Le PDG de Shell, Wael Sawan, s’est félicité de cette décision, affirmant qu’elle soutient l’approche stratégique de l’entreprise vers une transition énergétique équilibrée. Il a réitéré l’engagement de Shell à atteindre la neutralité carbone d’ici 2050, tout en maintenant un effort pour réduire de moitié les émissions de ses opérations directes d’ici 2030.
Réactions des ONG et des militants climatiques
Le directeur de Milieudefensie, branche néerlandaise des Amis de la Terre, a exprimé sa déception face à ce revers judiciaire. Il a déclaré que bien que ce résultat soit un coup dur, il n’efface pas les avancées réalisées dans la sensibilisation du public sur la responsabilité des grandes entreprises dans la lutte contre le changement climatique. Selon lui, le procès contre Shell a permis de mettre en lumière l’impact environnemental des grandes multinationales, stimulant ainsi le débat sur leur rôle dans la réduction des émissions de carbone.

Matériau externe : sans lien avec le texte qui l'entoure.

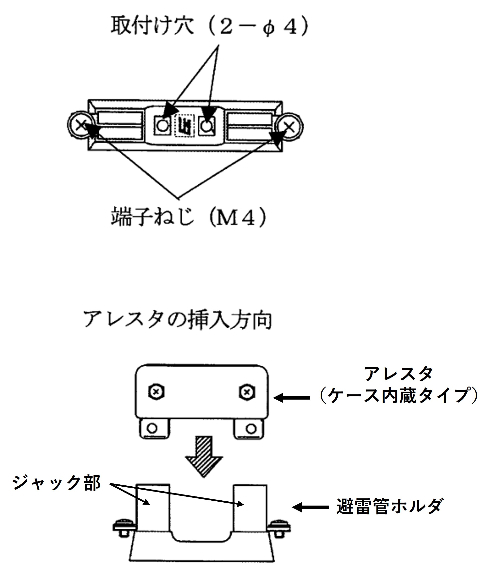 ※アレスタは電気的性能に方向性はありませんが、取付状態で銘板が見やすい方向に合わせて実装してください。 |
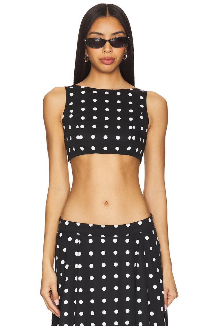Lightweight crepe viscose fabric and a fitted cropped silhouette define this sleeveless top with wide straps and a classic round neckline. Featuring an all-over white polka dot pattern on a matte black base, it fastens with an invisible back zipper for a sleek finish. Ideal for summer and spring outings, this minimalist city top pairs effortlessly with skirts or high-waisted pants, making it perfect for casual days, brunch dates, or relaxed evening occasions.

En dépit de cette décision, Milieudefensie et d’autres ONG envisagent désormais de porter l’affaire en cassation. Cependant, la Cour de cassation ne réexaminera pas les faits, mais se concentrera plutôt sur les aspects procéduraux du jugement.
Un précédent dans la lutte contre le changement climatique
Cette procédure, connue sous le nom de « le peuple contre Shell », avait initialement été lancée en 2019, soutenue par plus de 17 000 citoyens néerlandais. Ce procès visait à obtenir de Shell qu’elle s’aligne sur les objectifs de l’Accord de Paris de 2015, lequel engage les nations à limiter le réchauffement climatique à 2°C, voire 1,5°C au-dessus des niveaux préindustriels.
En 2021, la décision initiale du tribunal de La Haye avait marqué un tournant historique en imposant pour la première fois à une multinationale des obligations précises de réduction de ses émissions, selon les critères de l’Accord de Paris. Cette victoire avait été largement saluée par les activistes écologistes, pour qui elle constituait un précédent dans les efforts de responsabilisation des grandes entreprises face aux enjeux climatiques.
Les révisions des objectifs climatiques de Shell et BP
Ces derniers mois, Shell et d’autres entreprises énergétiques, notamment BP, ont révisé certains de leurs objectifs climatiques, accordant une priorité accrue aux activités pétrolières et gazières pour augmenter leurs bénéfices. Cette orientation stratégique a suscité la colère des militants écologistes, qui considèrent qu’elle éloigne ces entreprises de leurs engagements environnementaux. La réduction des ambitions climatiques de ces multinationales contraste avec les efforts de nombreux pays et organisations pour renforcer les objectifs de réduction des émissions de gaz à effet de serre.
Pour l’heure, la décision de la cour d’appel néerlandaise pourrait freiner les tentatives de régulation judiciaire des multinationales en matière de climat, mais le débat sur leur responsabilité climatique reste vif et continue d’alimenter les discussions internationales.